— Поверьте, мосье Кларк, — наставительно вещал Дюпон, — то обстоятельство, что Эдгар По ночь напролет выкрикивал имя Рейнольдс, вообще не стоит принимать во внимание, если, конечно, наша цель разобраться, как он умер. По был в помрачении рассудка, вызванном нагромождением нелепых случайностей, уже нами перечисленных. А то обстоятельство, что Барон и прочие зацикливаются на Рейнольдсе, демонстрирует лишь банальное непонимание природы и смысла человеческих поступков. Давайте абстрагируемся от многочисленных подробностей и сложных умозаключений; давайте вспомним, какое одиночество ощущал Эдгар По. В подобном состоянии он мог звать кого угодно. Вероятно, фамилия Рейнольдс была последней из слышанных им; не исключено, что имелся в виду плотник, приходивший в «Глен-Элизу»; а может, По ссылался на человека, чья роль в некоем давнишнем деле такова, что лучше нам с вами о нем вовсе не говорить. (Я настоятельно потребовал распространить сию зловещую фразу, и Дюпон сдался, однако при условии, что я никогда не доверю выданную им информацию бумаге. Возможно, придет день, когда я смогу открыть эту тайну — допустим, своему дневнику.) Впрочем, скорее всего этот конкретный Рейнольдс не имел отношения к смерти По, и личность его мы с вами установить не сумеем, да это и не нужно. Как человек, попавший в западню, думает о спасении, а не о западне, так и По думал не о близкой смерти, а о пройденном жизненном пути.

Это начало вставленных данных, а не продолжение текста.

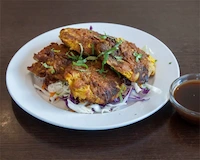 Mixture of spiced peas and potatoes stuffed in triangular pastry and deep fried.

— Надеюсь, мосье Кларк, теперь для вас не осталось белых пятен. Все, что делал Эдгар По, после того как сошел по трапу ричмондского парохода, можно расценивать как попытки сбежать из Балтимора, ибо в этом городе поэт с особенной остротой чувствовал свою неприкаянность. Балтимор некогда был ему домом, родиной его отца и деда, жены и обожаемой тещи, которую он называл не иначе как Мамочкой, но постепенно утратил все качества, присущие дому, ассоциируемые с домом.

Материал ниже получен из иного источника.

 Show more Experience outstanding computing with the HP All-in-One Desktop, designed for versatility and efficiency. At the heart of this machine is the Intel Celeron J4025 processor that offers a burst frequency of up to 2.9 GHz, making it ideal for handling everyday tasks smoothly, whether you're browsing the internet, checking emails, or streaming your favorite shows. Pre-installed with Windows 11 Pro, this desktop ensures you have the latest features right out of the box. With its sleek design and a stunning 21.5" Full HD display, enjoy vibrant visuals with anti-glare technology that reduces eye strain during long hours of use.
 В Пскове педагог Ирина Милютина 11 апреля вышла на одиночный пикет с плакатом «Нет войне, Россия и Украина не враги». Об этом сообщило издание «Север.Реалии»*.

Казалось, Дюпон готов декламировать «Тамерлана» и дальше, забыв о моем присутствии, но внезапно он остановился.
— О нет, этот Балтимор не был ему родным. Здесь остались другие По, но Эдгар не доверял им до такой степени, что не счел возможным даже сообщить о приезде. Устыдившись своего поведения в предсмертные дни поэта, а также жалкой церемонии похорон, эти люди своим недальновидным замалчиванием только навлекли на себя подозрения. Не был домом для Эдгара По и Нью-Йорк, где скончалась и обрела последнее пристанище Вирджиния, откуда он рвался прочь. Что касается Ричмонда, там планы сочетаться браком с возлюбленной юных лет так и оставались планами. Эдгар По однажды утратил Ричмонд и не мог забыть о этом — равно как и о покойной матери, и о приемных родителях. Филадельфия? Что ж, в Филадельфии он прожил несколько лет, там родились некоторые его произведения; но для этого города он был вынужден измыслить фальшивое имя, чтобы наверняка получить последнее, исполненное любви и нежности письмо от единственной родной души, до сих пор обожавшей его. Какой болью отзывалось в нем осознание, что он не сумел даже доехать до Филадельфии!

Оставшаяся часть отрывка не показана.